• Task description: In the material below, find the line containing "Chaim wurde in" and output it and all lines after it exactly, through the last one, without the pictures.

═══ Material provided

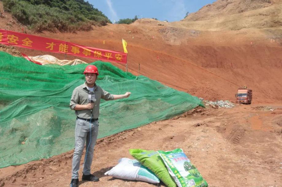 本次报道中,央视记者按照开山塘口修复的施工时间线,运用了“灰、淡黄、棕褐、绿”这四种颜色,向观众形象、通俗地展现了开山塘口修复治理的全过程。灰色是裸露的、“受伤”的山,淡黄色是干草打碎后形成的草纤维,棕褐色是混入不同种子后的泥浆,绿色则是希望、是健康、是矿山修复的终极目标。
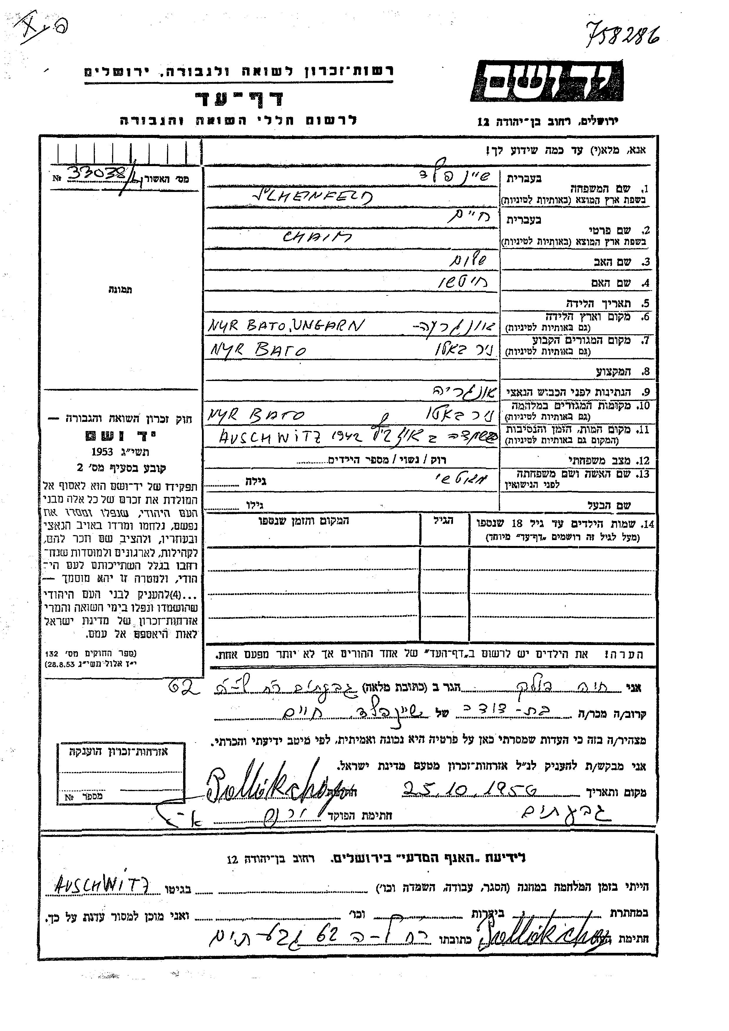 Chaim wurde in der Schoah ermordet. Todesort: Auschwitz, Polen im Jahr 1942.
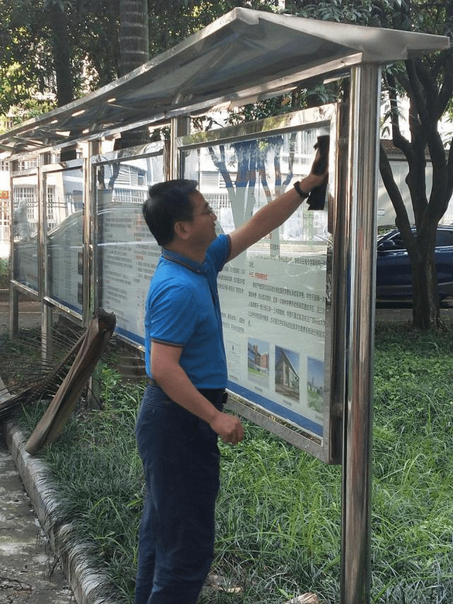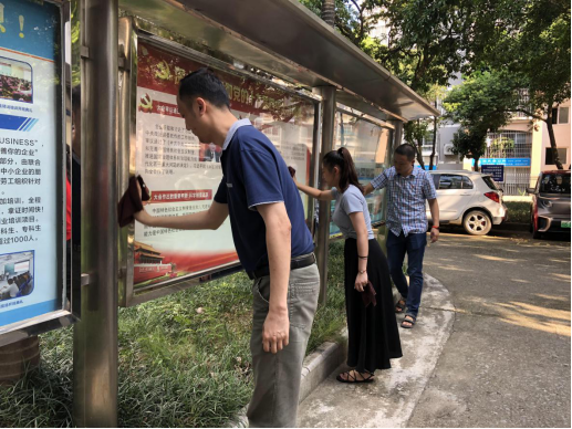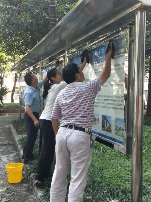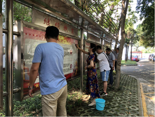 在党总支书记黄殿芳和学院院长韦鸿鹏的带领下,所有党员同志和入党积极分子顶着烈日,不畏酷暑,分别拿着抹布、扫帚、水桶、垃圾铲等工具,在第一教学楼四周开始了清洁劳动。大家自行分组分工,打扫、擦宣传栏、清理枯枝,各司其职、各尽所能、相互配合,迅速美化了学院的办公环境。

══════

• Problem solution:
 Chaim wurde in der Schoah ermordet. Todesort: Auschwitz, Polen im Jahr 1942.
 在党总支书记黄殿芳和学院院长韦鸿鹏的带领下,所有党员同志和入党积极分子顶着烈日,不畏酷暑,分别拿着抹布、扫帚、水桶、垃圾铲等工具,在第一教学楼四周开始了清洁劳动。大家自行分组分工,打扫、擦宣传栏、清理枯枝,各司其职、各尽所能、相互配合,迅速美化了学院的办公环境。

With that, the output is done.